# Barracuda3 Micro chuck



## watch_art (Jul 20, 2012)

so i broke down and bought the barracuda 3 micro with a key - which I was prepared to LOVE and adore. 

I don't.

Apparently I like tommy bars way more than I thought.  The ease of adjustment and setup with bars beats having a key any day of the week.
So I'm going to exchange this
Barracuda3 Micro Lathe Key Chuck System at Penn State Industries

for this
Mini Grip 4 Jaw Lathe Chuck System: includes 3 sets of jaws at Penn State Industries

I just got off the phone with PSI and  even told her I used it once, she said that's okay as long as it's still in saleable condition.  OF COURSE IT IS!  yeeha!

So I'm going to pack it back up and make a swap.
That means I've got a few bucks left over for... shipping?
Dunno yet.
:biggrin:


----------



## seamus7227 (Jul 20, 2012)

i use one with tommy bars and thought i would like the barracuda better, but I have to say that i really have enjoyed mine. What was it about the barracuda that you didnt like? im taking notes cuz i always though by appearance that the barracuda(or those with similar "keys") were better.


----------



## watch_art (Jul 20, 2012)

THe key - I didn't like how rough it felt.  It didn't feel like a smooth turn and I could never get it tight enough.  I had the blank wobble loose a couple times.  

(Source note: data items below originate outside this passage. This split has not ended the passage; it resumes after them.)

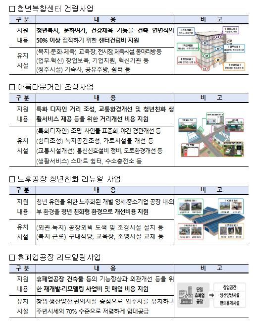 이에, 산업부는 낙후된 산업단지를 청년이 찾는 매력적인 공간으로 전환하기 위해 민간대행사업(’10~), 산업단지환경개선펀드(’11~), 정부출연사업(’15~) 등 다양한 방식의 구조고도화 사업을 추진해왔다. 특히, ’15년부터 추진한 정부출연사업으로 224개 사업에 총 1조 3천억원을 투자하여 복지·문화·편의시설 확충, 노후 공장 환경개선, 휴폐업공장 리모델링 등을 지원했다. ’24년에는 청년문화센터 30개, 아름다운거리 조성 30개, 휴폐업공장 리모델링 2개, 노후공장 청년친화 리뉴얼 15개 등 전년보다 대폭 증가한 총 77개 신규사업을 선정했다.
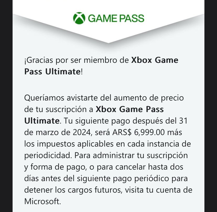 Durante 2023, los precios de las suscripciones Xbox Game Pass aumentaron 3 veces para los usuarios de Argentina, y algunos seguían pagando los precios anteriores a los aumentos, pero Microsoft ya les notifico que ese beneficio dejara de estar disponible.
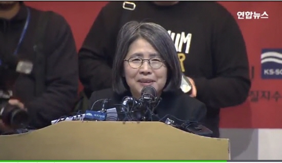 ▲ 김영란 전 국민권익위원장이 김영란법에 대해 입장을 밝히고 있다. /사진=연합뉴스TV 캡처 |
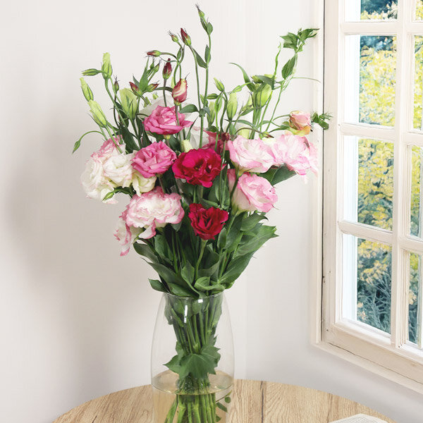 Le lisianthus reste l'une des fleurs les plus raffinées de nos jardins français, avec ses pétales délicats qui évoquent la soie froissée et cette grâce naturelle qui attire immédiatement le regard. Ce bouquet rassemble dix lisianthus cultivés en France, déclinés dans un camaïeu de roses qui va des teintes poudrées aux nuances plus soutenues. Leur douces teintes suffit à transformer l'atmosphère d'une pièce, elles diffusent cette douceur qui invite à ralentir et à savourer l'instant présent. Cultivé localement par des horticulteurs engagés, notre gamme de fleurs françaises permet de soutenir une filière responsable. Ce bouquet trouve naturellement sa place sur votre table, votre bureau ou votre commode, là où vous avez besoin de cette touche de gaieté qui fait du bien au moral. Parfois, s'offrir des fleurs représente le plus beau des cadeaux qu'on puisse se faire, celui qui nous rappelle de prendre soin de nous.

I only turned one piece with it (a section) and put it up after that.  It's easier to adjust a blank in the jaws with the tommy bar system - I can use my hand to adjust the jaws on the left while on the right I wobble the blank a bit to get it sort of straight until I can tighten it down.  I don't have to fidgit with that stupid key that doesn't even feel like it wants to engage with the gear.


----------



## The Penguin (Jul 20, 2012)

I've used that chuck before, I don't like it.

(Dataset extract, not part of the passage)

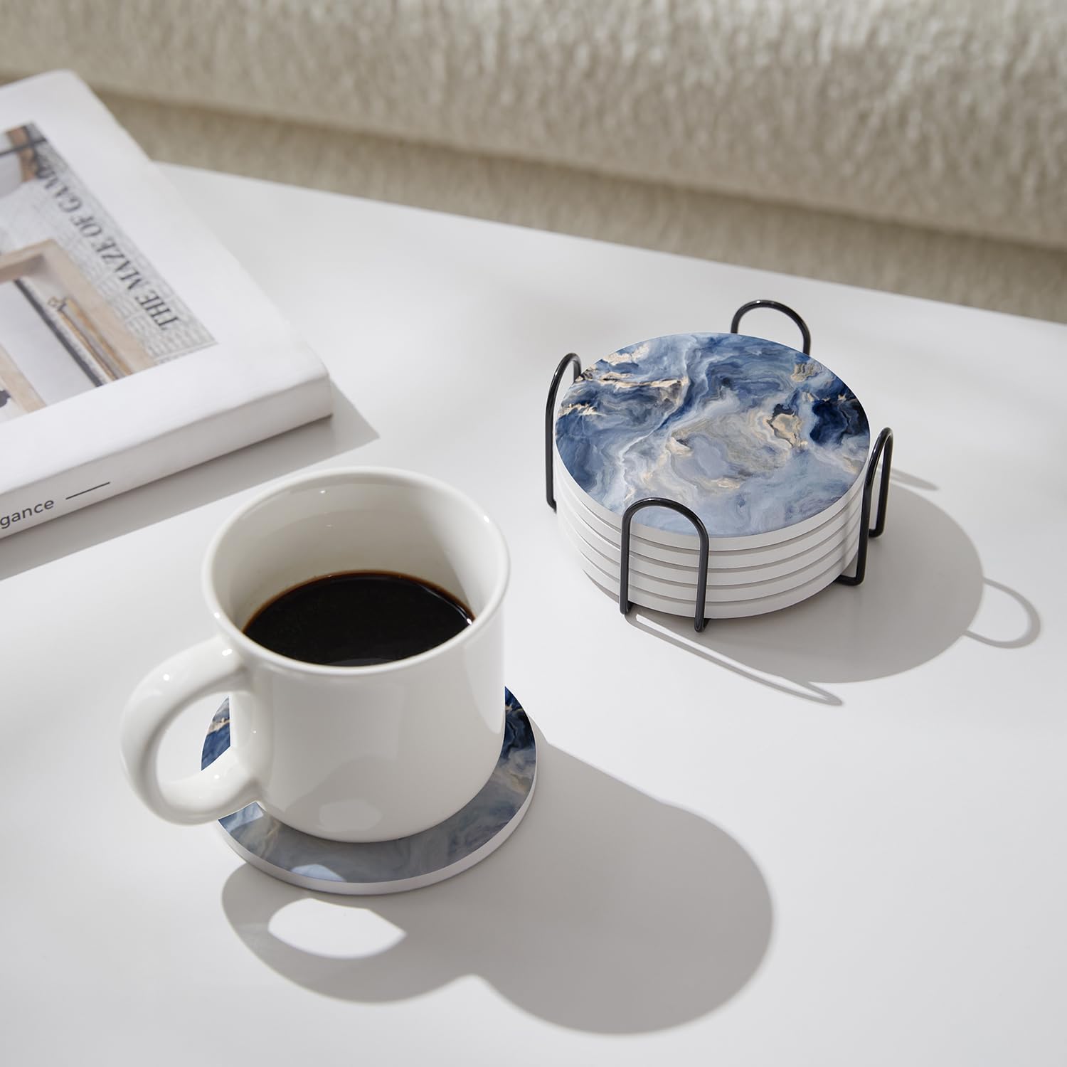 Set of 6 Abstract Navy Blue Marble Coasters with Holder, Absorbent Ceramic Drink Coasters for Table Protection, Housewarming Gifts for New Home

personally, I have a VicMarc chuck. I really like it.


----------



## Timbo (Jul 20, 2012)

watch_art said:


> THe key -* I didn't like how rough it felt.  It didn't feel like a smooth turn and I could never get it tight enough.  I had the blank wobble loose a couple times.*



My guess is that your chuck was delivered with the jaws slightly out of sync.  After using mine for a few years it started to display the exact same symptoms you describe.  I think the accumulation of dust forced the internal gears out of sync.  I took it apart, cleaned everything up, lubed it and put it back together.  It worked perfectly smooth again after that.  To bad you had a bad 1st experience, I love only needing one hand to tighten my chuck while holding the piece with the other.


----------



## Dustygoose (Jul 20, 2012)

I have the Barracuda 2.  I like mine.  But, I also have the "C" style with the tommy bars too.


----------



## Rifleman1776 (Jul 21, 2012)

I have had the CMGC3 for quite a few years. The tommy bars are not a real problem. I find some folks hate them but, for me, they are OK. On my large chuck I really do like the key system. Both are fine. BTW, the PSI chucks are great values compared to some of the so-called name brand versions.


----------



## alamocdc (Jul 21, 2012)

I use both kinds and love them. And Frank is right, I've had better luck with PSI chicks than the Super Nova I once had. Went through two and couldn't get them to run true on my Powermatic 3520B.


----------



## PenMan1 (Jul 21, 2012)

I love the tommy bar chucks, too ! By locking the index lock on the lathe and using only one bar allows for using both hands for loading the stock into the chuck.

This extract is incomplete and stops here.